A diagnostic patch that no-ops Transaction::watchDmaBuf in KWin 6.6.4. Test fixture, not the upstream-bound shape.

Background

KWin's Transaction::watchDmaBuf (src/wayland/transaction.cpp:265) calls DMA_BUF_IOCTL_EXPORT_SYNC_FILE on every plane of every imported dmabuf and parks the transaction on a QSocketNotifier(POLLIN) waiting for the resulting sync_file fd to become readable.

For V4L2-produced dmabufs (hantro / rockchip-rga and any other vb2 driver), that fence either:

  • Stub-signals immediately, because vb2 doesn't populate dma_resv exclusive fences (see kernel layer in the top-level README) and dma_buf_export_sync_file substitutes dma_fence_get_stub(). Pure latency cost: a synchronous ioctl + socket-notifier setup per frame, for a fence that signals in microseconds and represents nothing real.
  • Signals very late or not at all, on edge cases that we hit during the chromium-fourier validation campaign. KWin's transaction parks indefinitely; the previous wl_buffer never gets released to the client; the client's V4L2 capture pool starves; hard stall.

Patches

This directory carries two patches — the PKGBUILD applies only 0001 for now (validated on ohm), while 0002 is the upstream-bound shape staged here for later validation and submission.

0001-transaction-bypass-watchDmaBuf-fence-wait.patch (currently shipped)

No-ops Transaction::watchDmaBuf entirely. Every transaction commits without waiting on implicit-sync fences for the dmabufs it imports. Test fixture, validated end-to-end on ohm: the patch unblocks chromium-fourier 1080p30 H.264 playback under KDE Plasma 6.6.4 Wayland on RK3566 + panfrost + mainline 6.19.

0002-transaction-poll-dmabuf-fd-directly-upstream-shape.patch (unvalidated, upstream-bound)

Rewrites Transaction::watchDmaBuf to call poll(POLLIN) on the dmabuf fd directly via a duplicated fd in a QSocketNotifier, instead of going through DMA_BUF_IOCTL_EXPORT_SYNC_FILE plus a sync_file fd.
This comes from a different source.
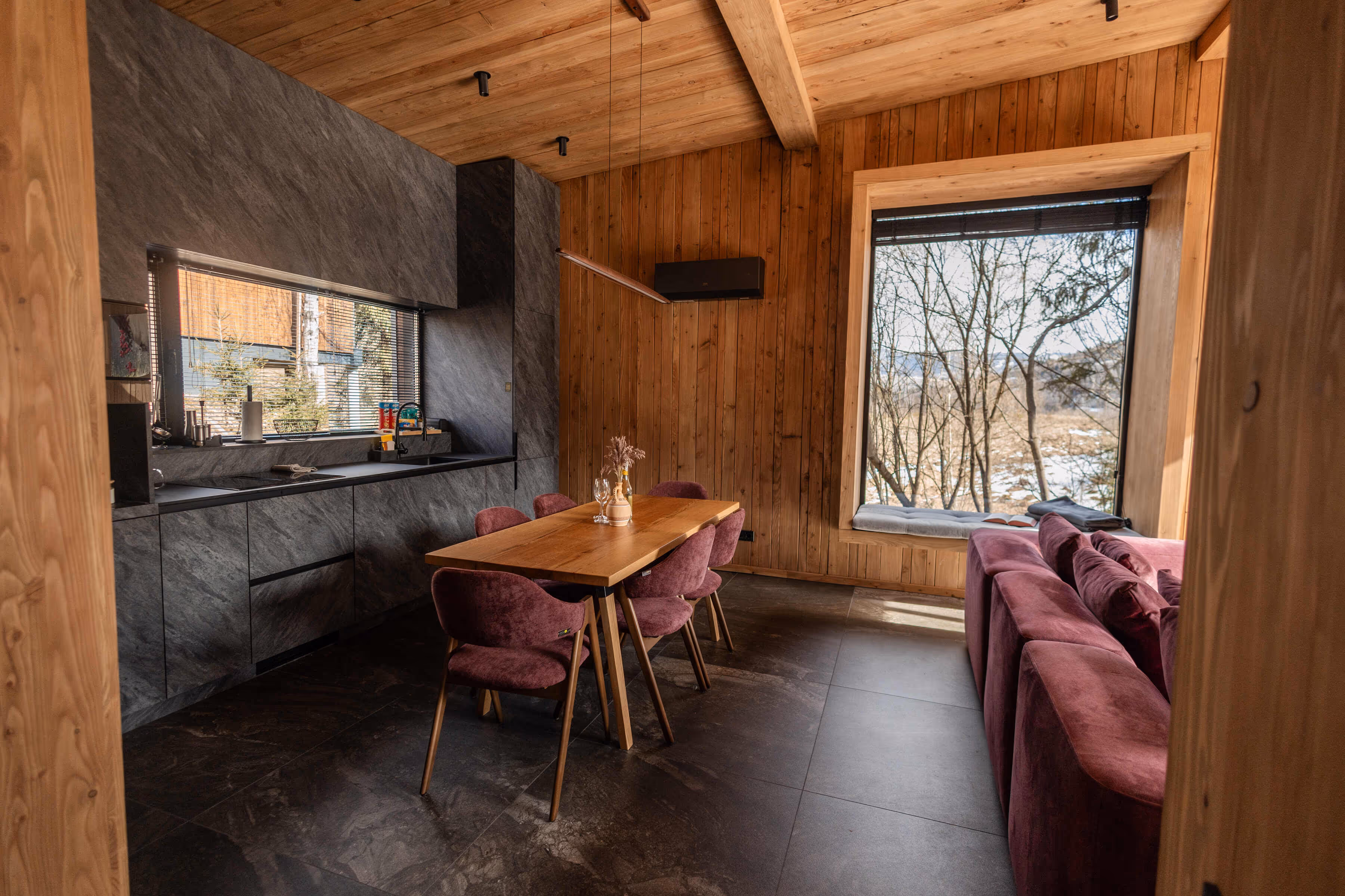 Котедж має великі панорамні вікна і терасу з видом на ліс. Є 2 окремі спальні, простора кухня-вітальня з усім необхідним приладдям, 2 санвузли, велика гардеробна. Крім того, у будинку є камін, тераса для відпочинку зі зоною BBQ, а також чан на дровах.

The dma-buf core has supported polling the dmabuf fd for implicit-sync write fences since the introduction of the feature; the export-then-poll round-trip is per-frame syscall overhead with no semantic difference.
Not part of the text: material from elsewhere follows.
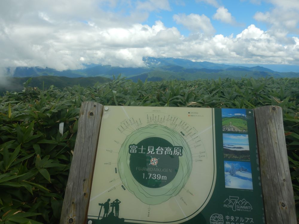 高原バス(リフト終点からで麓からではない)が通る舗装路を歩きますが意外なことに下り坂が多いです。カラマツ多く黄金色に輝けば素晴らしいでしょう。50分ほどで神坂峠。ここから東山路の山道を行きます。ササ原に達すれば展望が開けてきて気持ち良い天空の散歩道です。1739mの富士見台からは日本100名山のうち23座、そして鈴鹿山系もの大展望が広がります。

This shape preserves KWin's defense — the wait still actually waits on the producer's fence — while shedding the per-frame overhead. It is not validated yet and is offered here as the shape upstream review will likely converge on. Validation gates before swapping the PKGBUILD to apply 0002 instead of 0001:

  1. Build kwin-fourier with 0002 instead of 0001 (one PKGBUILD line change).
  2. Install on ohm; restart Plasma session so the new kwin_wayland is mapped.
  3. Run chromium-fourier + bbb sample as before. Expectation: plays through end-to-end at the same ~81 % combined CPU. Equivalence with 0001 confirms the upstream shape works without weakening defenses.
  4. Capture before/after dma_buf_export_sync_file syscall counts via strace -c on kwin_wayland (the per-frame syscall savings are the patch's claimed benefit).
  5. Submit to invent.kde.org/plasma/kwin against master.
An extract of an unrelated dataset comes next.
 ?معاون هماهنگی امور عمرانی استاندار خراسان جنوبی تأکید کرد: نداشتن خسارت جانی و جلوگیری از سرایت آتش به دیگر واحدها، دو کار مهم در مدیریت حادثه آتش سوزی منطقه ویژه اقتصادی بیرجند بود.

Why patch 0001 is not the upstream-bound shape

Wayland's security model is "compositor trusts no client" — watchDmaBuf is a defense against a misbehaving client that attaches a buffer the GPU is still writing. The blanket no-op makes a correctness-equivalent assumption (every Wayland client honors the spec) that KWin maintainers are reasonably unwilling to take unconditionally.

The upstream-correct fix lives in the kernel (vb2 / hantro / rga don't populate dma_resv — fix that, KWin's wait now works correctly because the fence is real). Once the kernel side lands, KWin can either keep its current wait (now correct) or migrate to poll(POLLIN) directly on the dmabuf fd, skipping the EXPORT_SYNC_FILE ioctl.

The kwin-fourier patch in this repo is the diagnostic that identified the kernel bug and lets the chromium-fourier validation proceed today on stock kernel + KWin. It will be rewritten or removed once the kernel side is upstream.

Building / installing

makepkg -si

The PKGBUILD inherits from upstream Arch's kwin 6.6.4-1, applies the single watchDmaBuf bypass, and bumps epoch=1 to dominate upstream pkgrel.

Side effect

Across the test session, every wp_linux_dmabuf client on the compositor (chrome, brave, mpv, VLC, …) feels markedly snappier on Mali-class hardware because the per-frame sync_file roundtrip is gone. A pleasant accident; the cleaner, kernel-side fix will preserve the speedup without weakening the defense.